- WHAT THE TASK REQUIRES: Make an exact copy of the listing, without images.
DATA PROVIDED START
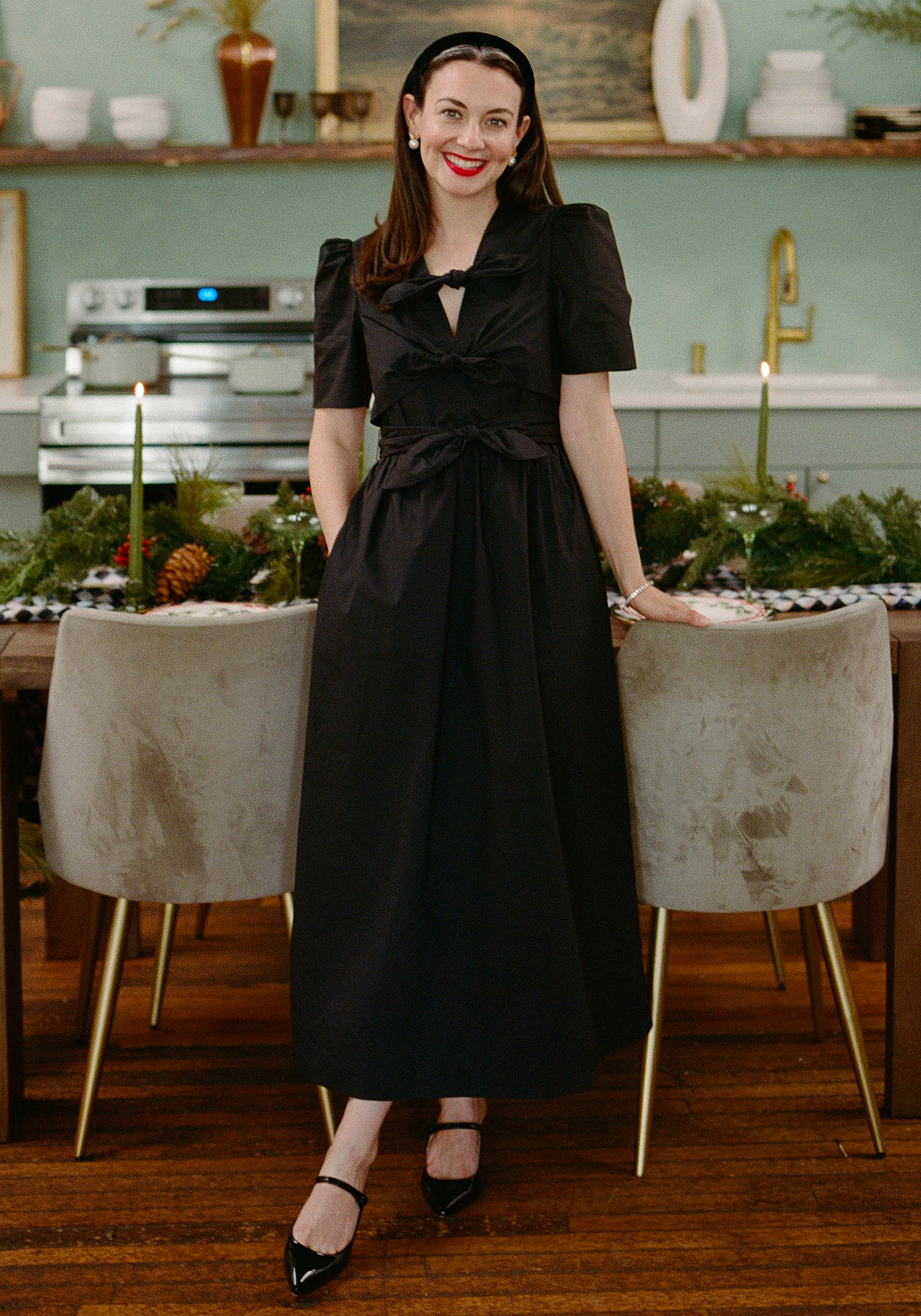This midi dress brings playful detail to a polished silhouette with three dimensional bow accents along the bodice. Soft gathers create a flattering empire shape, while short sleeves and a gently flared skirt offer ease and movement. Charming yet understated, it’s an effortless choice for both daytime events and elevated evenings.
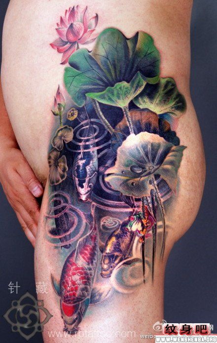美女臀部花卉蝴蝶藤蔓纹身图案
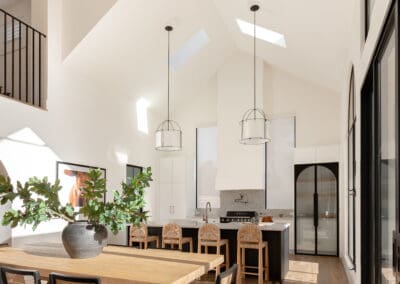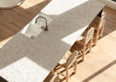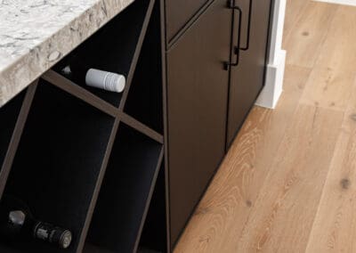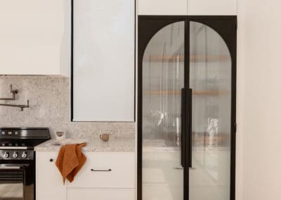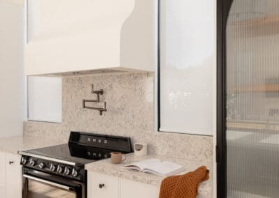Our team designed, manufactured, and installed this kitchen using a Sussex door profile in Dulux Lexicon Quarter for the cabinetry, paired with a striking black island in zero-gloss timber-look Farmers doors. The benchtops in polished Pietra Silestone bring a smooth, textural elegance, while the fluted glass pantry doors with steel framing offer a contemporary architectural gesture.
DATA PROVIDED END
- TASK SOLUTION:
This midi dress brings playful detail to a polished silhouette with three dimensional bow accents along the bodice. Soft gathers create a flattering empire shape, while short sleeves and a gently flared skirt offer ease and movement. Charming yet understated, it’s an effortless choice for both daytime events and elevated evenings.
美女臀部花卉蝴蝶藤蔓纹身图案
Our team designed, manufactured, and installed this kitchen using a Sussex door profile in Dulux Lexicon Quarter for the cabinetry, paired with a striking black island in zero-gloss timber-look Farmers doors. The benchtops in polished Pietra Silestone bring a smooth, textural elegance, while the fluted glass pantry doors with steel framing offer a contemporary architectural gesture.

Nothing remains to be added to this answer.